Что-то произошло – темнота отступила назад, впереди засияло белое солнце. Албан невольно зажмурился, на миг погрузившись во мрак, затем осторожно приоткрыл веки. Солнце оказалось лампой с зеркальным отражателем; хотя она горела очень ярко, Албан не испытывал ни боли, ни рези в глазах. Он чётко различал мелкие неровности на вогнутом горящем зеркале. Поразительно, до чего ясным стало зрение… Вот только голова была тяжёлой, неподъёмной.
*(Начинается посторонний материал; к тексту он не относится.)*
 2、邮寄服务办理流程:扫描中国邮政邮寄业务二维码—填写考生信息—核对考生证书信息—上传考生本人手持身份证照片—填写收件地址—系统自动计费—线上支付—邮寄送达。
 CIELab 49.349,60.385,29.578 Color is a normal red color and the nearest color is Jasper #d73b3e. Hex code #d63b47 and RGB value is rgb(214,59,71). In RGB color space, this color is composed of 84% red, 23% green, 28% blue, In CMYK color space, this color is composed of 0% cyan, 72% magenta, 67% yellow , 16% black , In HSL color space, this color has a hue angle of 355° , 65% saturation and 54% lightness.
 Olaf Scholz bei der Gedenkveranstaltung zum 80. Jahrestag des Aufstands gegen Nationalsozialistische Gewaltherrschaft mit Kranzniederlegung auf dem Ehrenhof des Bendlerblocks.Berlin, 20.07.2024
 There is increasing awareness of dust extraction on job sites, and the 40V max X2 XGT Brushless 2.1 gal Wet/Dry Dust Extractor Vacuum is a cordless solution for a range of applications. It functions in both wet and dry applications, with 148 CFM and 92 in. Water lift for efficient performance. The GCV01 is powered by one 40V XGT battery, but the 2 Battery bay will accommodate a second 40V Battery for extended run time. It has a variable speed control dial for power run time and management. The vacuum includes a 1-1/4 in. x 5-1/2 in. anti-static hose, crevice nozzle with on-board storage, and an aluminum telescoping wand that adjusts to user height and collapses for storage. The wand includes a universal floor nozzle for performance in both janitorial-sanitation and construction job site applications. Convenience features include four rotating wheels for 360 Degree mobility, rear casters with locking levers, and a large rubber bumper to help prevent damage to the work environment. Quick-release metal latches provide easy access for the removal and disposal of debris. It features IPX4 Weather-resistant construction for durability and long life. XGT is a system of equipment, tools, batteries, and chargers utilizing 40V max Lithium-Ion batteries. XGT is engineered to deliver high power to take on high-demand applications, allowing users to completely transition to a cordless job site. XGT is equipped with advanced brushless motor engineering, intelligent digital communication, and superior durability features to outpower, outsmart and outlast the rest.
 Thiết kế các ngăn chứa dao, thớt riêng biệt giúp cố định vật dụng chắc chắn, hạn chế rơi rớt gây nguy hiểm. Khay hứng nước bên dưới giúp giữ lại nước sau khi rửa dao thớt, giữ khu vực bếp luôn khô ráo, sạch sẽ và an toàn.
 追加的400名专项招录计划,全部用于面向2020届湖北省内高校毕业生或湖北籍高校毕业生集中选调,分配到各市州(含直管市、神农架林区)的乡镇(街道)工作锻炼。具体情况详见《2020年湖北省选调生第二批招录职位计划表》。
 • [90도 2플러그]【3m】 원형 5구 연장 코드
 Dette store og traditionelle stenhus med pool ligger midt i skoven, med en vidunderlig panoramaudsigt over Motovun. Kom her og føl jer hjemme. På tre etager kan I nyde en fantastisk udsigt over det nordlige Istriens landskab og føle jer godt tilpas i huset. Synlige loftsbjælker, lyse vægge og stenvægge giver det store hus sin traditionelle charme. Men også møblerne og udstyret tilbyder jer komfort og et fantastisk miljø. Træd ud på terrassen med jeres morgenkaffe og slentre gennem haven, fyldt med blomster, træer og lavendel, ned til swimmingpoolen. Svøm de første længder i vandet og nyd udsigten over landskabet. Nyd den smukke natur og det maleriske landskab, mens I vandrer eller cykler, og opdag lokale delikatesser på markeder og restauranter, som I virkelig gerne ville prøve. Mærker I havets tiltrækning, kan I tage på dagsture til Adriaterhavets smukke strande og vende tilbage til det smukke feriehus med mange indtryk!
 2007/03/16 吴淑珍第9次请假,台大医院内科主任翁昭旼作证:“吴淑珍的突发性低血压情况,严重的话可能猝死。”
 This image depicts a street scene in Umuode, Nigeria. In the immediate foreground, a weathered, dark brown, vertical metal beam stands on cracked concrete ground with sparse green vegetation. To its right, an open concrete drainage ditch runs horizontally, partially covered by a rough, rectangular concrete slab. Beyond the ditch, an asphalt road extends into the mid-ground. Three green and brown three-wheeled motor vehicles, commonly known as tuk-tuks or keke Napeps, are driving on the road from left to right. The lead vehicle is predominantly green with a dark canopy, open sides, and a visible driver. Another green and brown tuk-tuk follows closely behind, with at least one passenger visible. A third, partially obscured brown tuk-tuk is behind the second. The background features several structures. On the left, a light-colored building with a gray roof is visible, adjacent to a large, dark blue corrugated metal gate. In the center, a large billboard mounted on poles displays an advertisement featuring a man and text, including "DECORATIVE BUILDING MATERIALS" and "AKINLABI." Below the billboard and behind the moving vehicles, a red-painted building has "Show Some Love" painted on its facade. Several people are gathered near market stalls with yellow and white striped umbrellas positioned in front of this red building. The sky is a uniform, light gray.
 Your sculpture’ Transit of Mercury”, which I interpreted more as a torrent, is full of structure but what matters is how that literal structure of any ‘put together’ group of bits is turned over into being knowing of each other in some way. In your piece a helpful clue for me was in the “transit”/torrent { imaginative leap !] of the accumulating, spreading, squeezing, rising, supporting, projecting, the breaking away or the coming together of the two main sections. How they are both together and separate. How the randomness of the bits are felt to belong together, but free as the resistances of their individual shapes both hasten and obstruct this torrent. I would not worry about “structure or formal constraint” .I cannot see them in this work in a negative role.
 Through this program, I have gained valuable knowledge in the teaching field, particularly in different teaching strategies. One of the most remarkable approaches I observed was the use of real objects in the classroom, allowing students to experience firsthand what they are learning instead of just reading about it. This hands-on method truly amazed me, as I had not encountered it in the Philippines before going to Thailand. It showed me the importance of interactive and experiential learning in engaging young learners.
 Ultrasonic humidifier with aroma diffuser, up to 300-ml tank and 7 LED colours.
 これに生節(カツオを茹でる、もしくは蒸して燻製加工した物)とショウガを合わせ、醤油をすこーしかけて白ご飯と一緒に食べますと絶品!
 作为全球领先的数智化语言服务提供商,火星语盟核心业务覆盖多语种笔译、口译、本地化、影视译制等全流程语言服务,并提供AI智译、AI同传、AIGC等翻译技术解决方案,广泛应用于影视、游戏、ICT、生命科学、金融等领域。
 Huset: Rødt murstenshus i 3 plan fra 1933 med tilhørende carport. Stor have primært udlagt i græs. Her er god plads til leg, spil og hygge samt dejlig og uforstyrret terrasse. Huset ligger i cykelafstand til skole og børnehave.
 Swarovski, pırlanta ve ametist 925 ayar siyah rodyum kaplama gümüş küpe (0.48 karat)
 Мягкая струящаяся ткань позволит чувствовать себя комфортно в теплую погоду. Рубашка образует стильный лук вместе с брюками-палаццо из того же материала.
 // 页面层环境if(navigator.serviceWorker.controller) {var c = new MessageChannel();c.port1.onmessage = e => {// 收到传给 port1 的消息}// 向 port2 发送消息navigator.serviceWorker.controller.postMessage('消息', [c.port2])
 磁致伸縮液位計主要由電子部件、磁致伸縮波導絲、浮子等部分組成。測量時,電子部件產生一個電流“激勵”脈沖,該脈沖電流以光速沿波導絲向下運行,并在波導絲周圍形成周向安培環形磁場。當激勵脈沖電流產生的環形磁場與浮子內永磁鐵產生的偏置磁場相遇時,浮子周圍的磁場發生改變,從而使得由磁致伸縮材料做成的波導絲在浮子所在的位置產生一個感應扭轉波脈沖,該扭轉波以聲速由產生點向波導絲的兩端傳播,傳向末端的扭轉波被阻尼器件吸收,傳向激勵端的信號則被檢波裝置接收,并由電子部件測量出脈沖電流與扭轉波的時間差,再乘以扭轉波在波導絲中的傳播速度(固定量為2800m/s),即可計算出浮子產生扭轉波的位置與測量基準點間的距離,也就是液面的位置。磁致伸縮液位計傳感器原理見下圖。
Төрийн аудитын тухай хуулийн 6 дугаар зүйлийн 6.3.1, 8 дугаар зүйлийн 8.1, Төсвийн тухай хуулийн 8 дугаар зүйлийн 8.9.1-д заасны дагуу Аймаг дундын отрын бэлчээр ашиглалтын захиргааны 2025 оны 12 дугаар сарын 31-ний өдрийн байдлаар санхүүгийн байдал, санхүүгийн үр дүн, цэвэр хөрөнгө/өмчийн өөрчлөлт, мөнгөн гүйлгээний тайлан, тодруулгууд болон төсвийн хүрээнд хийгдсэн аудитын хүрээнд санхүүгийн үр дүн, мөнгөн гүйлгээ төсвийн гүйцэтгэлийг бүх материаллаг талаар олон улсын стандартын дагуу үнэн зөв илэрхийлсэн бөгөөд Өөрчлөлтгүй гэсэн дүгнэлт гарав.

А тело вовсе не слушалось.
«Неужели… меня парализовало?»
– Вы меня слышите? – На фоне лампы возникло лицо, залитое густой тенью. Тонкий костистый нос с горбинкой, брови – как полоски сажи, курчавые чёрно-смоляные волосы, тёмно-карие глаза.
– Отвечайте голосом, – потребовал человек. – Вы сможете. Скажите: «Да».
Албан напрягся, с ужасом ожидая, что язык откажется повиноваться. В первое мгновение нахлынуло сразу несколько противоречивых желаний. Боязнь немоты велела ему молчать. Притворись, что можешь – но не желаешь говорить. Отложи проверку на потом, на «когда-нибудь», только бы попозже понять, что ты не способен вымолвить ни слова. Вместе с тем хотелось вернуть прежнего себя, с привычным самоощущением; эта страстная жажда подстёгивала к действию – и оказалась сильнее страха. Надо сделать попытку немедленно, потому что слепое неведение и долгие сомнения куда мучительней. Он быстро собрался с духом и сделал попытку вытолкнуть звук из горла! податься вперёд!
– А!.. – услышал он сиплый бессмысленный выкрик.
«Я могу! могу!»
Но тут в глазах помутилось, как перед обмороком, всё видимое стало пепельно-серым, а движение обозначило грузную, неповоротливую тяжесть тела, руки-колоды, тупое бесчувствие ног.
Окружающий мир проступал из туманной серости упругими глухими взрывами ощущений – они приходили, как воспоминания, возвращавшиеся после сна. Жёсткая ровная опора под спиной. Плывущий в вышине потолок.
Перед ним со всех сторон разом забрезжила и закружилась сеть пересекающихся светлых линий – так вертелась виртуальная небесная сфера в планетарии, а в середине, на смотровой площадке, Албан-школьник, разинув рот от изумления, хватался за поручни, чтоб не упасть в бездну Вселенной.
Силуэты людей, контуры обстановки, стены, пол – призрачные объёмы и преграды обступили его, а взгляд пошёл колесом, то и дело изменяя плоскости вращения, словно аттракцион в луна-парке. Албан счёл за благо закрыть глаза, откинуться и вцепиться руками в края опоры, иначе головокружение грозило сбросить его в неизведанную глубину. Вновь чернота – но сквозь неё он продолжал видеть тени людей, которые двигались между просвечивающих шкафчиков и столов. Албан плотнее сжал веки, усилил хватку непослушных пальцев – видение угасло, а пальцы с хрустом погрузились в толщу опоры.
– Синестезия зрения со сканером, – торопливо забормотал кто-то. – Разъединить?
– Нет, – силуэт курчавого неподвижно навис над Албаном. – Установка связей должна быть естественной. Спасибо, что ответили, – вновь обратился он к Албану. – Я очень рад за вас. Вы возвращаетесь к жизни. Не спешите и не бойтесь. Теперь откройте глаза и смотрите на меня. Смотрите на мой нос, на мой рот. Не пытайтесь глядеть сквозь меня. Сделайте вот что – сосредоточьтесь на родинке. Она на левой скуле, ближе к уху. Встать вы успеете; сперва освойтесь с тем, что вы живы, целы и подвижны.